We therefore created several ConvNet architectures to thoroughly evaluate on EEG decoding. We first evaluated our ConvNet’s decoding performance under a range of different hyperparameter choices on widely studied movement-related decoding tasks like decoding which limb a person is thinking of moving. On those tasks, we found our ConvNets to perform at least as good as a strong feature-based baseline. The ConvNets also generalized well to a range of other decoding tasks, including other mental imageries, decoding whether a person made or perceived an error, as well as pathology diagnosis.
We also developed visualizations to understand the features the ConvNets extract from the EEG signal, finding that their predictions are sensitive to plausible neurophysiological features. Using perturbations of spectral features like amplitude and phase, we show topographies of the causal effects of spectral changes on the networks predictions. For decoding of executed movements, these topographies are consistent with known movement-related spectral brain-signal changes like contralateral alpha power decreases (e.g., decrease in alpha power on the right side of the head when moving the left hand). They also suggest that networks learn to use high-gamma information to predict the performed movement. Visualizations of inputs that maximally activate specific units in one of our ConvNets further reveals that the ConvNet has also learned specific timecourses of amplitude changes, going beyond using just averaged spectral features.
Later, we more deeply investigated features learned for pathology decoding. Here, we made use of invertible networks, networks that are designed such that you can invert intermediate and final network outputs back to a corresponding input, allowing to visualize output changes in input space. Further, we also developed a smaller network that is specifically designed to be interpretable and train it to mimic the invertible network. Using these methods we could directly show and investigate temporal waveforms with spatial topographies that are associated with pathological or healthy recordings. These visualizatiosn revealed both neurophysiologically plausible features like temporal slowing as a marker for a pathological EEG or occipital alpha as a marker for healthy EEG, as well as surprising features like frontal and temporal very-low-frequency (<=0.5 Hz) components.
In this thesis, I will first describe the research on deep learning EEG decoding prior to our work, then proceed to describe the deep network architectures and training methods we developed to rival or surpass feature-based EEG decoding approaches on movement- and other task-related EEG decoding tasks as well as pathology diagnosis.

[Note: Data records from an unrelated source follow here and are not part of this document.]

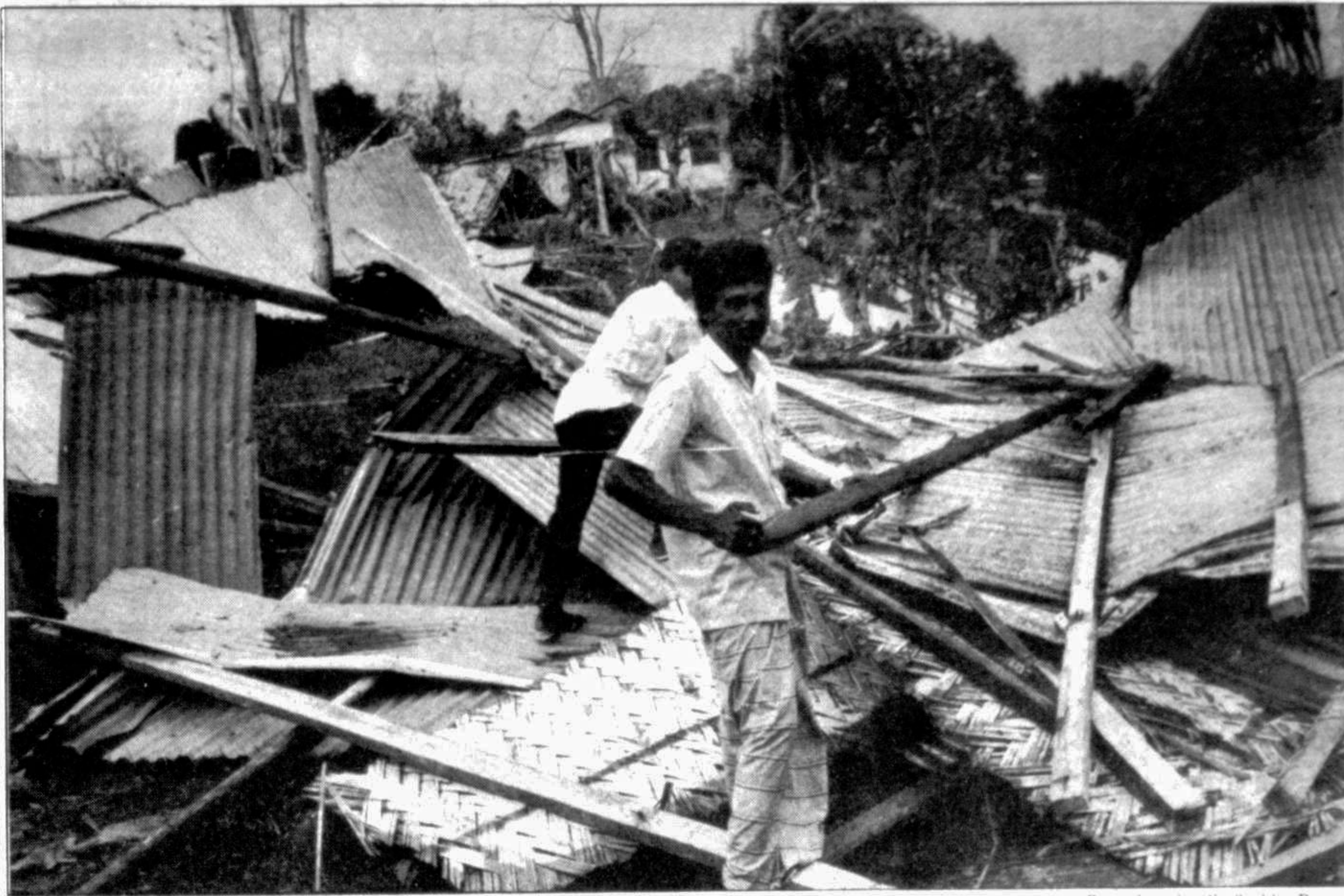
Houses damaged by the recent catastrophic cyclone at Langu upazila in Rangamati

Earlier in three phases huge relief materials of above kinds worth about Taka 2,91,000 have also been sent to the affected people of the recent tidal bore areas of the country.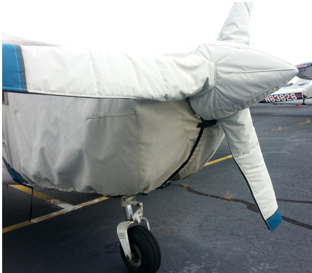
Socata Trinidad/Tobago Engine & Prop Covers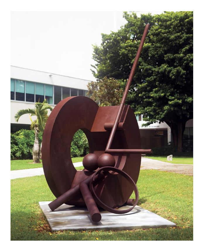
Fletcher Benton, Donut with Balls Number 28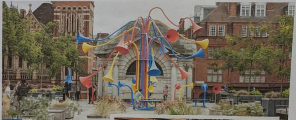
6 Sculpture Gardens/Outdoor Gardens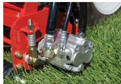
Option of 22cc motor for cutting long grass.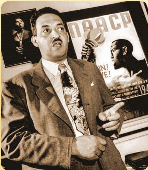
NAACP Chief Counsel Thurgood Marshall

“I do not take up cases unless I am convinced the men are innocent. I was never so convinced that the evidence was insufficient in a case as I was listening to that case... There is no sufficient evidence of mutiny or conspiracy. These men are being tried for mutiny solely because of their race.”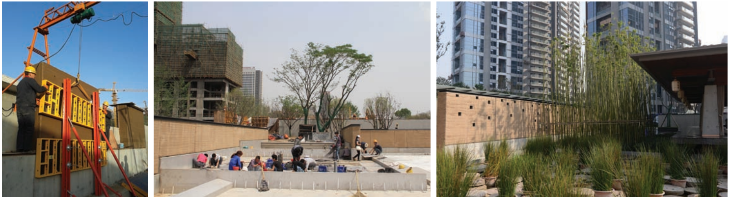
Fig. 8 Vanke landscape project with rammed-earth, Xi'an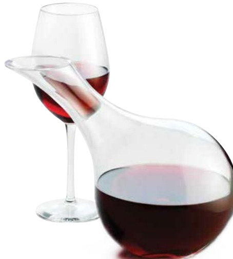
Vina Tilt Decanter No. 96763 ◊ 63 oz./1.9 L. H8 3 / 8 T2 3 / 4 B3 1 / 2 D6 6 pcs./12# • 1.77 cu. ft. SCC 478276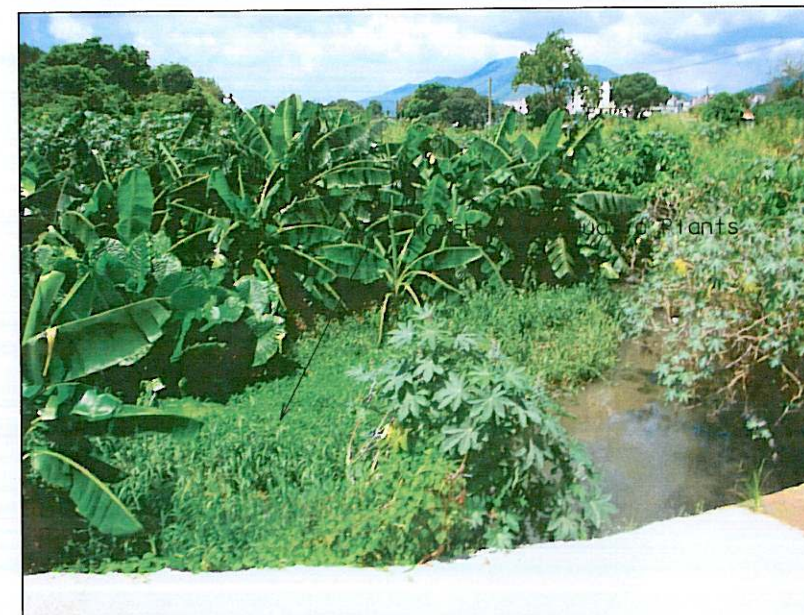
Photo No. A8 - LR3 Marsh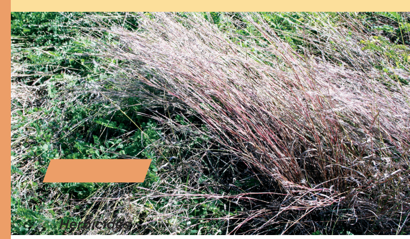
Figure 1. Crown vetch (green) can be sprayed in fall when adjacent prairie vegetation is dormant.

Mowing is only partially effective at controlling persistent perennial weeds and woody plants. It will eliminate seed production and reduce weed canopy if implemented at the right time during the growing season but will have little effect or in some cases increase rhizomal spread (Lalonde et al. 1994). In those circumstances, herbicides may be needed to control persistent perennial weeds.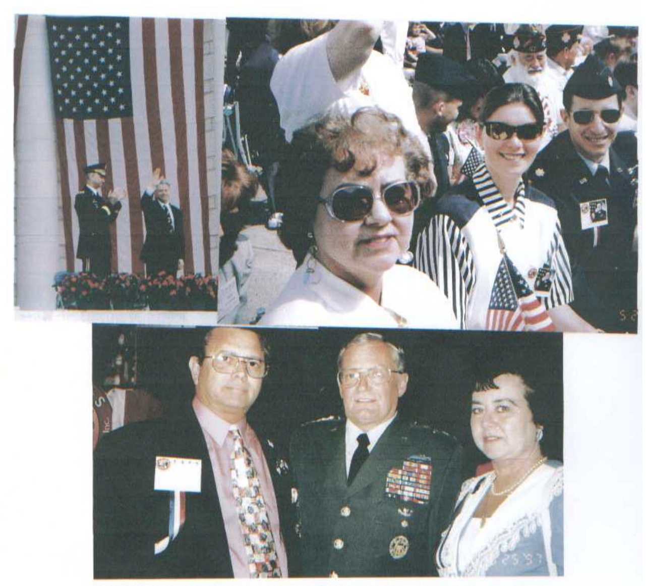
INFORMAL MEETING WITH GENERAL SHALI AT TAPS 98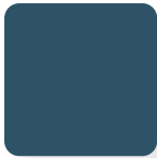
Practical Nurse Caribbean Blue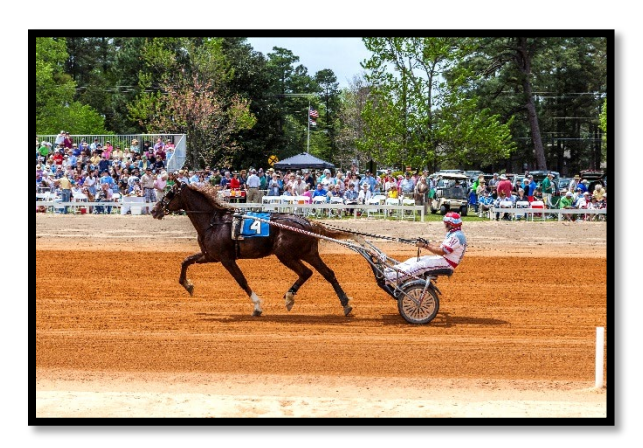
Matinee Race at Harness Track Facility

The Harness Track Division of the Parks and Recreation Department provides the labor, supplies, expertise, equipment, and management for the operations and maintenance of the Harness Track facility. This division manages major and minor capital improvements while providing services to the standardbred trainers and other equine and non-equine related clients of the property. The facility consists of multiple harness tracks, a show ring, and 244 horse stalls in 17 barns. In 2015, the Village celebrated the Harness Track's 100<sup>th</sup> anniversary.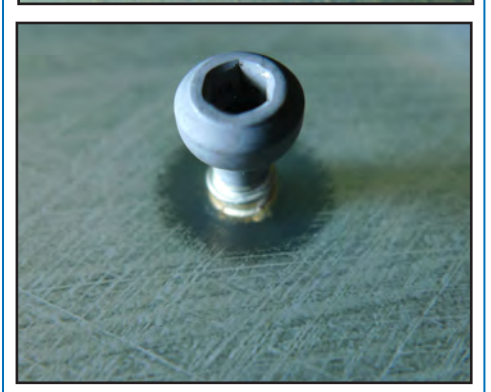
The Galvanis® coating is designed to create a large zone of inhibition around implantable medical devices such as orthopedic bone screws.

What the Experts Are Saying about the Disruptive Antimicrobial Technology Platform, Galvanis®, from Silver Bullet Therapeutics

Furthermore, I also describe the visualization methods we developed that suggest the networks are using plausible neurophysiological patterns to solve their tasks. In two separate method and result chapters, I will delve more deeply into understanding the learned features for pathology decoding, including by using invertible networks. Finally, I conclude with my thoughts on the current state of EEG deep learning decoding and promising avenues for further work like cross-dataset decoding models as well as models that can process larger timescales of EEG signals.